• Provided material
------------------------------------------------------------------------

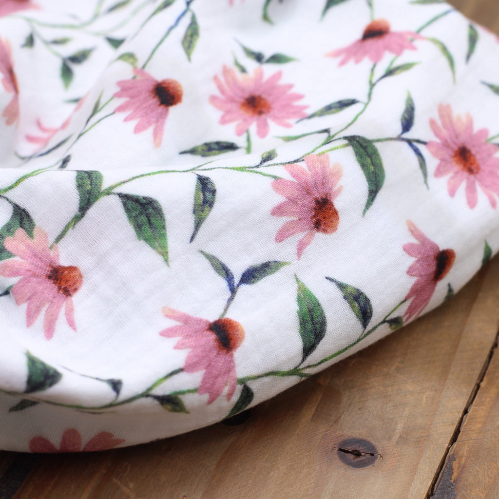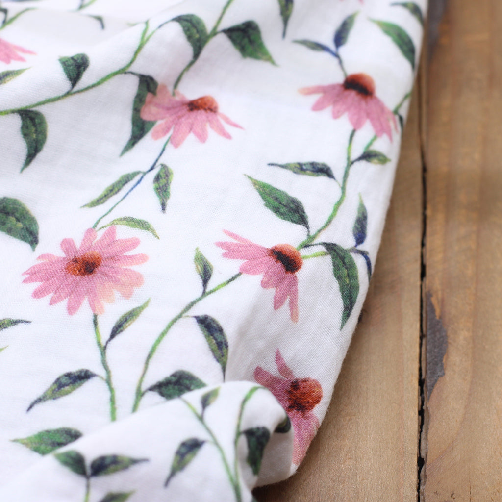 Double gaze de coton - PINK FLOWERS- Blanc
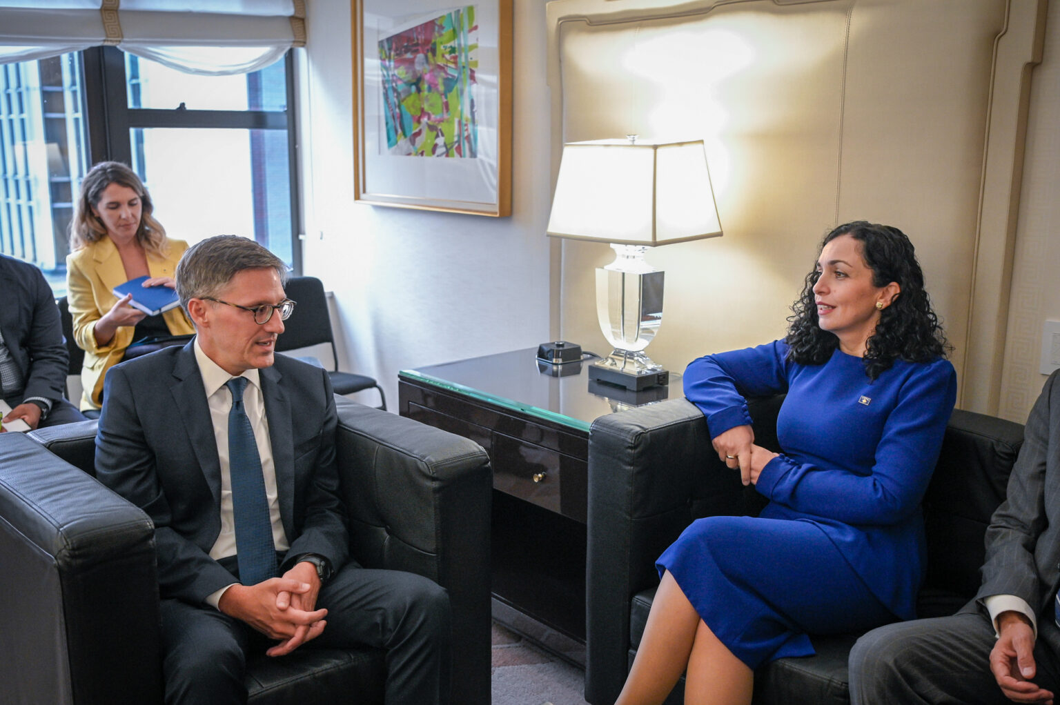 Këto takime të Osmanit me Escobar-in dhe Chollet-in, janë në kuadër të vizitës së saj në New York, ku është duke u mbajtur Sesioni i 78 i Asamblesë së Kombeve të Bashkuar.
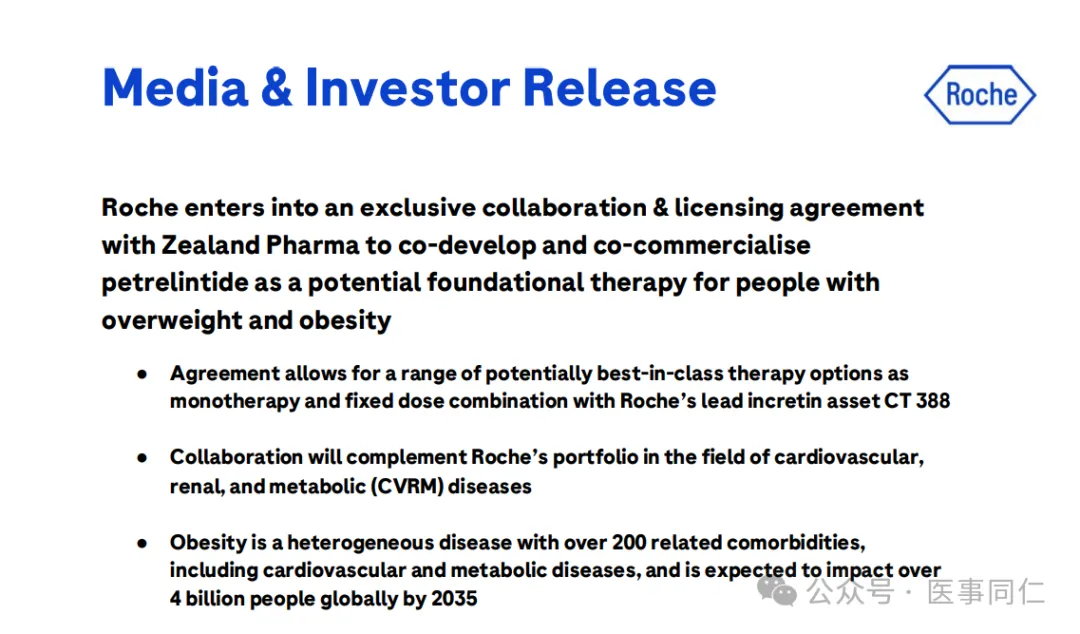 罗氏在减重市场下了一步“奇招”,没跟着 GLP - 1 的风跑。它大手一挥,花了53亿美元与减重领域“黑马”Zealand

------------------------------------------------------------------------

• Your objective
In the data above, find the line with "Këto takime të" and repeat it and every line after it through the end, exactly; leave the pictures out.

• Output for this exercise
 Këto takime të Osmanit me Escobar-in dhe Chollet-in, janë në kuadër të vizitës së saj në New York, ku është duke u mbajtur Sesioni i 78 i Asamblesë së Kombeve të Bashkuar.
 罗氏在减重市场下了一步“奇招”,没跟着 GLP - 1 的风跑。它大手一挥,花了53亿美元与减重领域“黑马”Zealand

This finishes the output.